Work instructions - Output the entries word for word. Omit images.

The records -
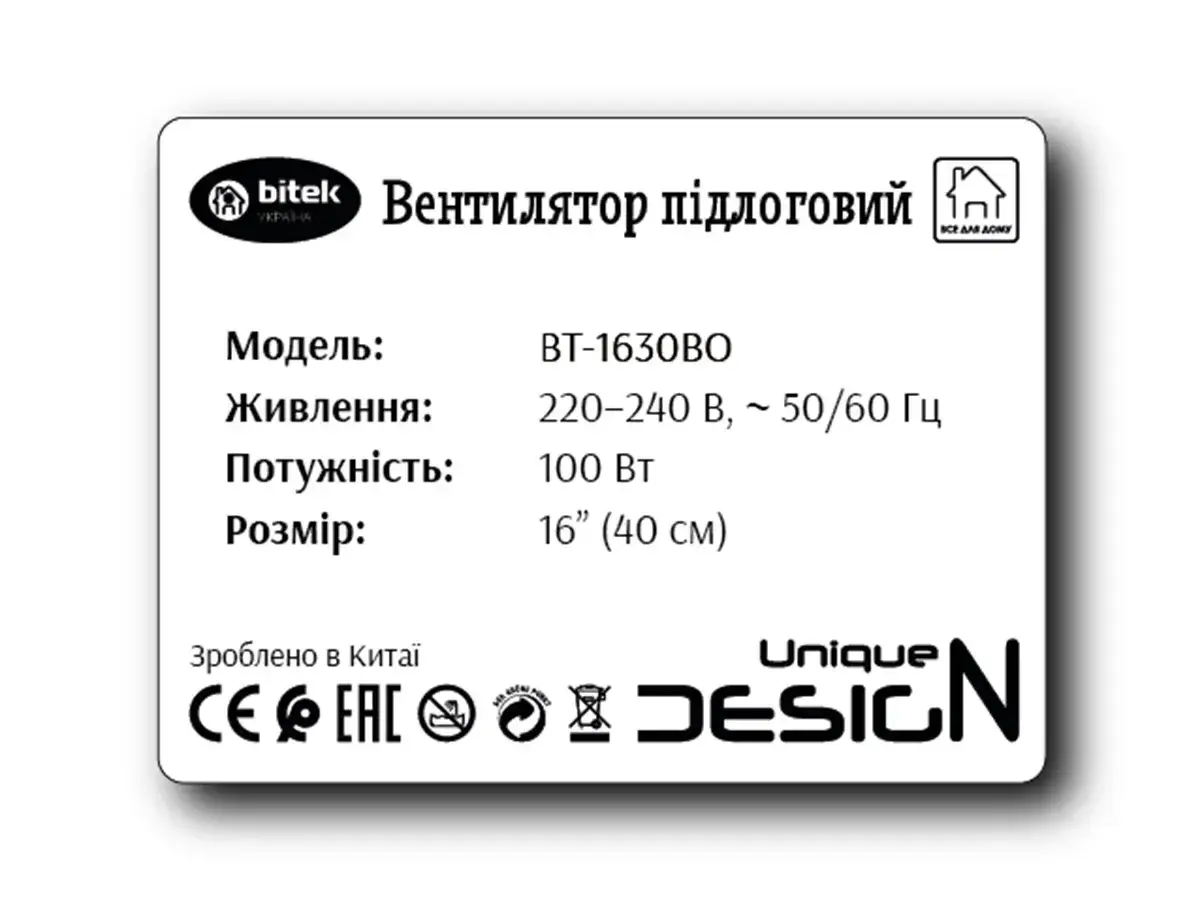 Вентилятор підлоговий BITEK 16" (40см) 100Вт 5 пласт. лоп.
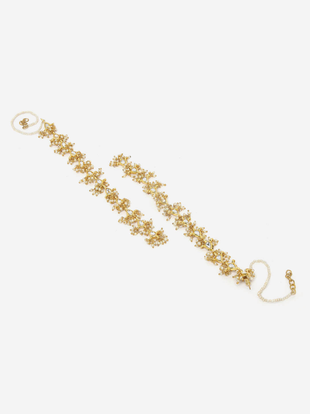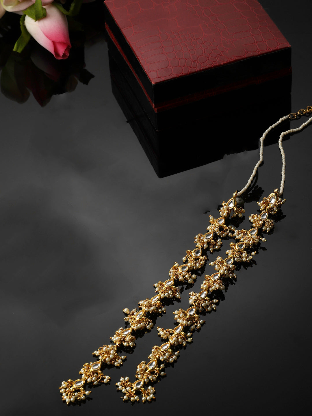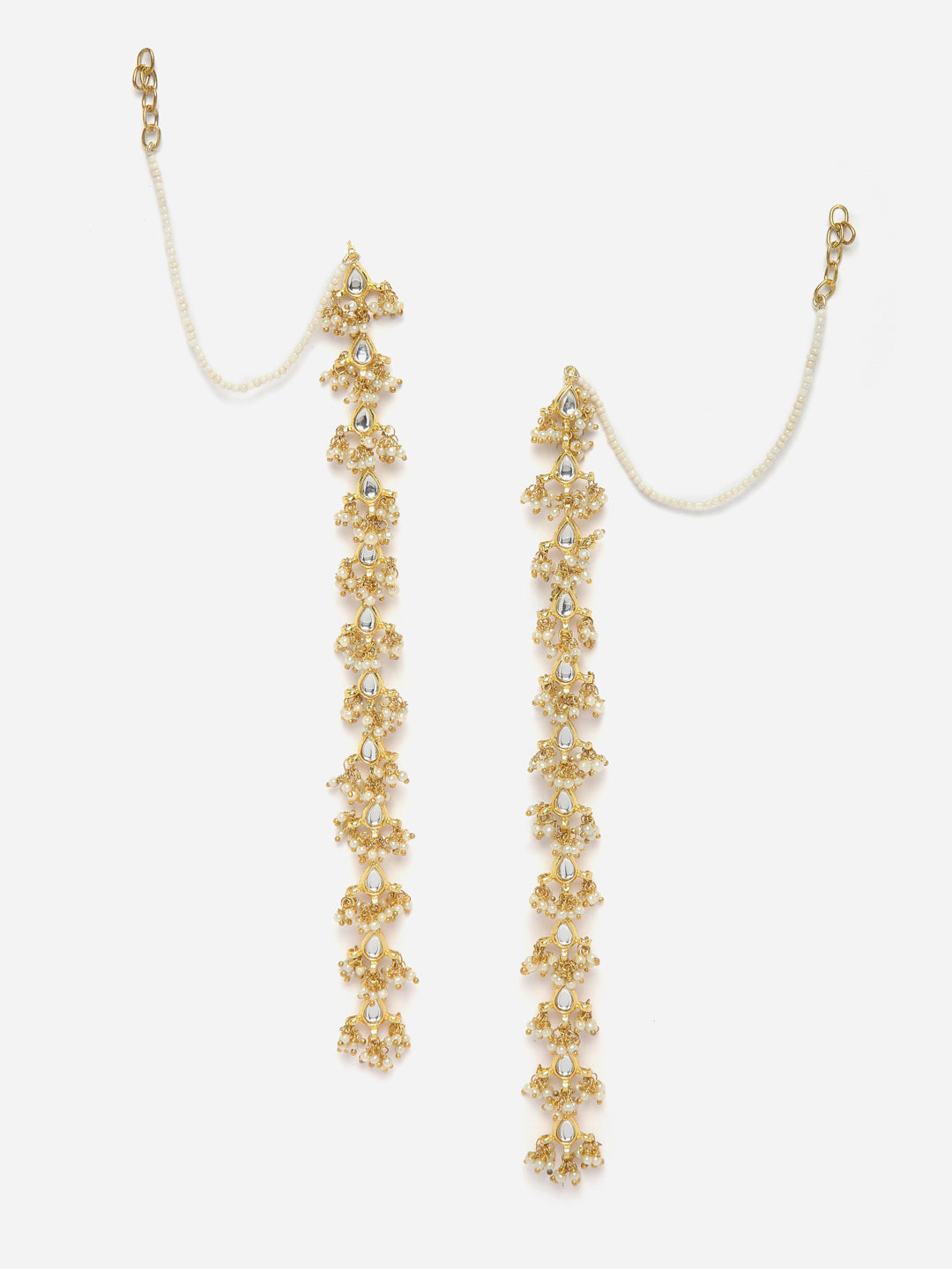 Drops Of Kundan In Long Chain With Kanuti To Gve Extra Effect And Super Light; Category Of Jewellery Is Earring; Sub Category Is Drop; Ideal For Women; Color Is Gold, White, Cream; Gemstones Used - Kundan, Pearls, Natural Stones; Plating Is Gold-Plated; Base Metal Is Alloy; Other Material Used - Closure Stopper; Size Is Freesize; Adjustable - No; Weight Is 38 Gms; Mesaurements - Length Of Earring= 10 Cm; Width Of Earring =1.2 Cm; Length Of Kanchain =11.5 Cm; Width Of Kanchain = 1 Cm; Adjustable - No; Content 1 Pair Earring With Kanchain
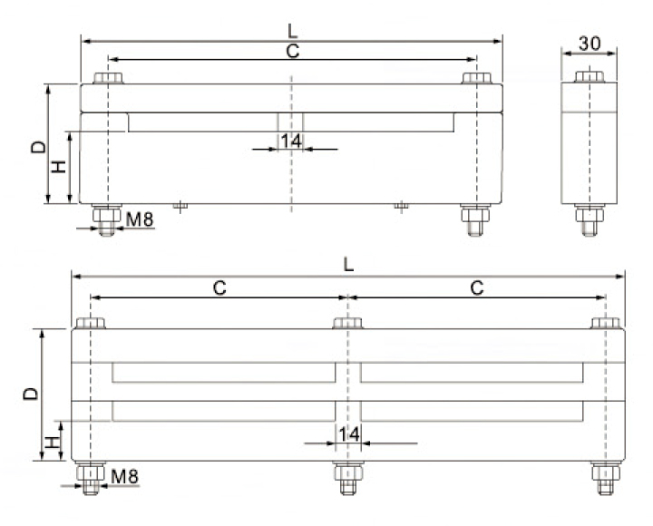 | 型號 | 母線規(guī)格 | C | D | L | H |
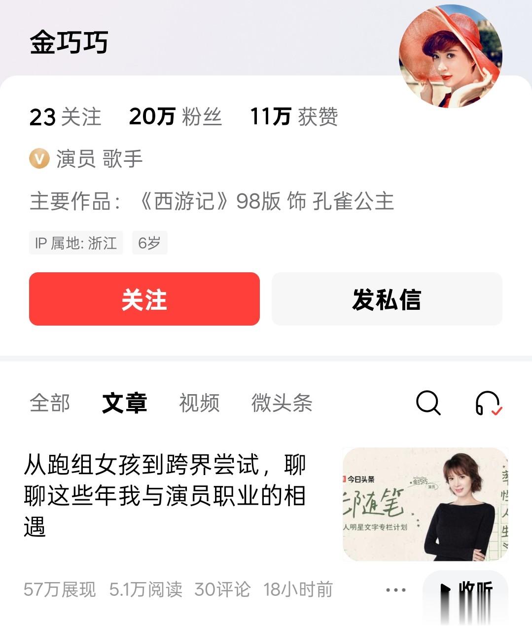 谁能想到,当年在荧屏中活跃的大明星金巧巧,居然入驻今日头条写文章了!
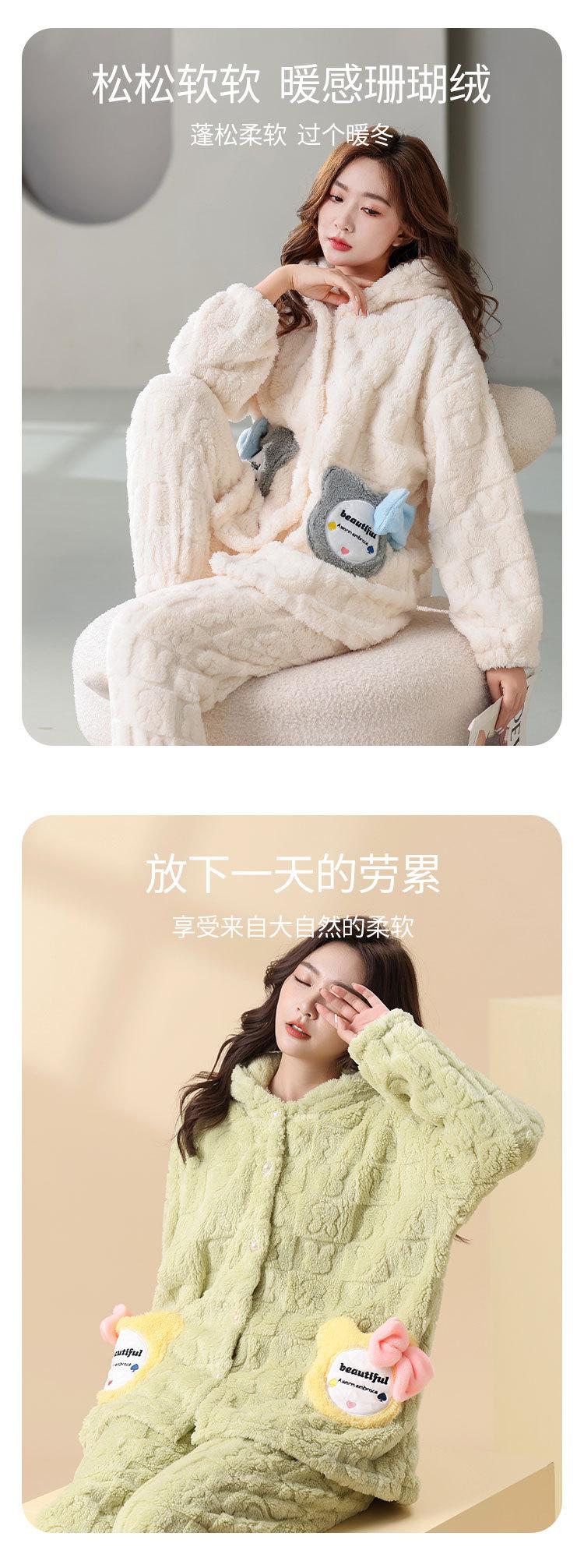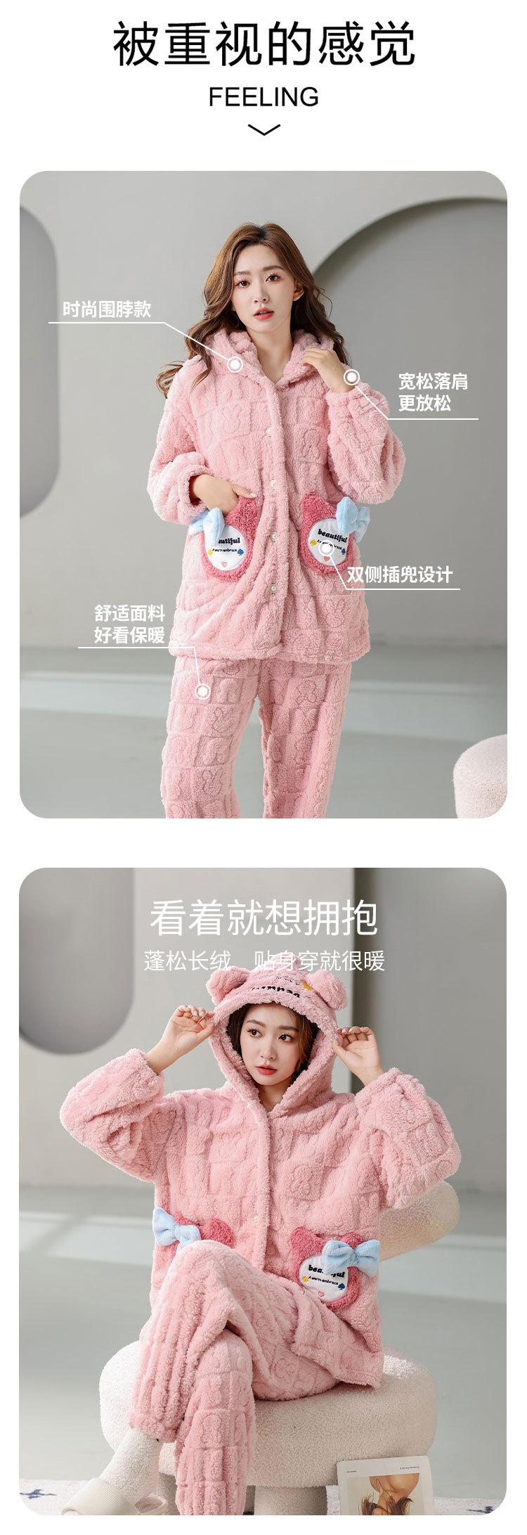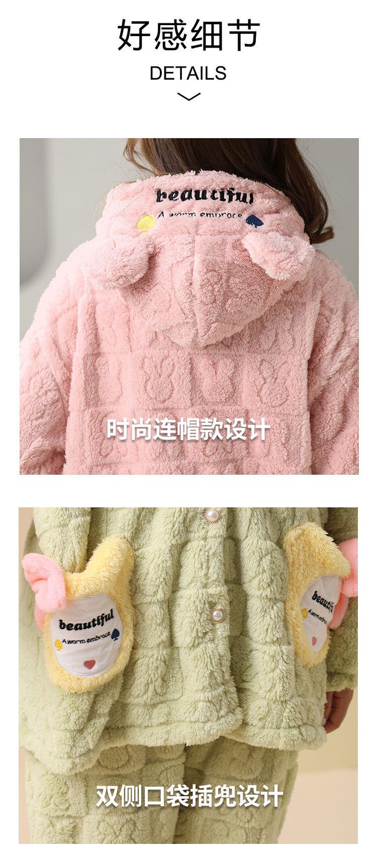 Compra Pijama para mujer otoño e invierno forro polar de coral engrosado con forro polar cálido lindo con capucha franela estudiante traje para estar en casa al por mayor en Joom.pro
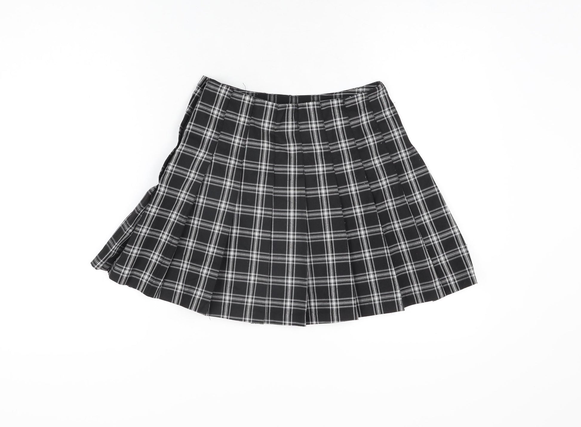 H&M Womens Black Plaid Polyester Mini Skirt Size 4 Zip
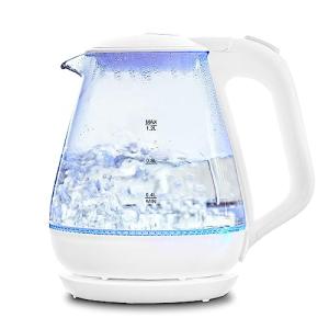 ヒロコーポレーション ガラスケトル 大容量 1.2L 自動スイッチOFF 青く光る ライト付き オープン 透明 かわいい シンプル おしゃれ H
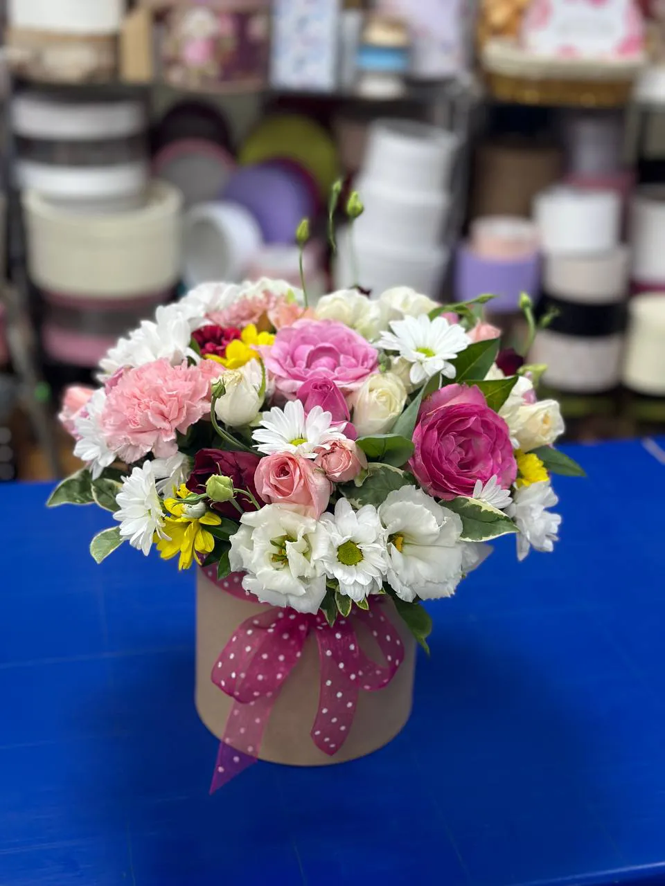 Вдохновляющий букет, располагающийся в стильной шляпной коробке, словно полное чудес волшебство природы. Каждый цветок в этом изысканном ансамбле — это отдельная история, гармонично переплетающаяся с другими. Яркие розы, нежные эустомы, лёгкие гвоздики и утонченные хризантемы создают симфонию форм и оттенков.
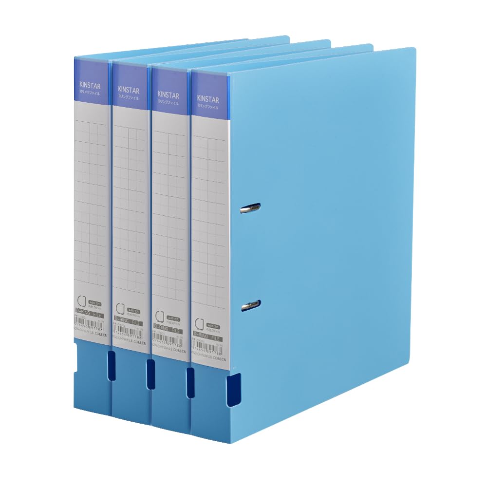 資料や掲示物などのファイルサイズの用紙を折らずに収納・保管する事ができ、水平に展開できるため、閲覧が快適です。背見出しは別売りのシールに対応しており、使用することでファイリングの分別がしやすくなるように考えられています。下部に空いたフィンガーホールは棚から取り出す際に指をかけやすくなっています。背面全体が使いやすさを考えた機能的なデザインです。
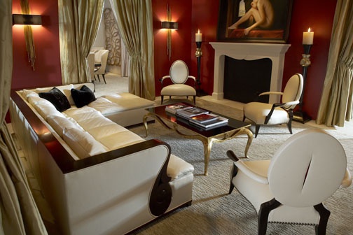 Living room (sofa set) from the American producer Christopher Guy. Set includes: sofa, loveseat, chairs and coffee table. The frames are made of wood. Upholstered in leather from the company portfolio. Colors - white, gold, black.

Output -
 Вентилятор підлоговий BITEK 16" (40см) 100Вт 5 пласт. лоп.
 Drops Of Kundan In Long Chain With Kanuti To Gve Extra Effect And Super Light; Category Of Jewellery Is Earring; Sub Category Is Drop; Ideal For Women; Color Is Gold, White, Cream; Gemstones Used - Kundan, Pearls, Natural Stones; Plating Is Gold-Plated; Base Metal Is Alloy; Other Material Used - Closure Stopper; Size Is Freesize; Adjustable - No; Weight Is 38 Gms; Mesaurements - Length Of Earring= 10 Cm; Width Of Earring =1.2 Cm; Length Of Kanchain =11.5 Cm; Width Of Kanchain = 1 Cm; Adjustable - No; Content 1 Pair Earring With Kanchain
 | 型號 | 母線規(guī)格 | C | D | L | H |
 谁能想到,当年在荧屏中活跃的大明星金巧巧,居然入驻今日头条写文章了!
 Compra Pijama para mujer otoño e invierno forro polar de coral engrosado con forro polar cálido lindo con capucha franela estudiante traje para estar en casa al por mayor en Joom.pro
 H&M Womens Black Plaid Polyester Mini Skirt Size 4 Zip
 ヒロコーポレーション ガラスケトル 大容量 1.2L 自動スイッチOFF 青く光る ライト付き オープン 透明 かわいい シンプル おしゃれ H
 Вдохновляющий букет, располагающийся в стильной шляпной коробке, словно полное чудес волшебство природы. Каждый цветок в этом изысканном ансамбле — это отдельная история, гармонично переплетающаяся с другими. Яркие розы, нежные эустомы, лёгкие гвоздики и утонченные хризантемы создают симфонию форм и оттенков.
 資料や掲示物などのファイルサイズの用紙を折らずに収納・保管する事ができ、水平に展開できるため、閲覧が快適です。背見出しは別売りのシールに対応しており、使用することでファイリングの分別がしやすくなるように考えられています。下部に空いたフィンガーホールは棚から取り出す際に指をかけやすくなっています。背面全体が使いやすさを考えた機能的なデザインです。
 Living room (sofa set) from the American producer Christopher Guy. Set includes: sofa, loveseat, chairs and coffee table. The frames are made of wood. Upholstered in leather from the company portfolio. Colors - white, gold, black.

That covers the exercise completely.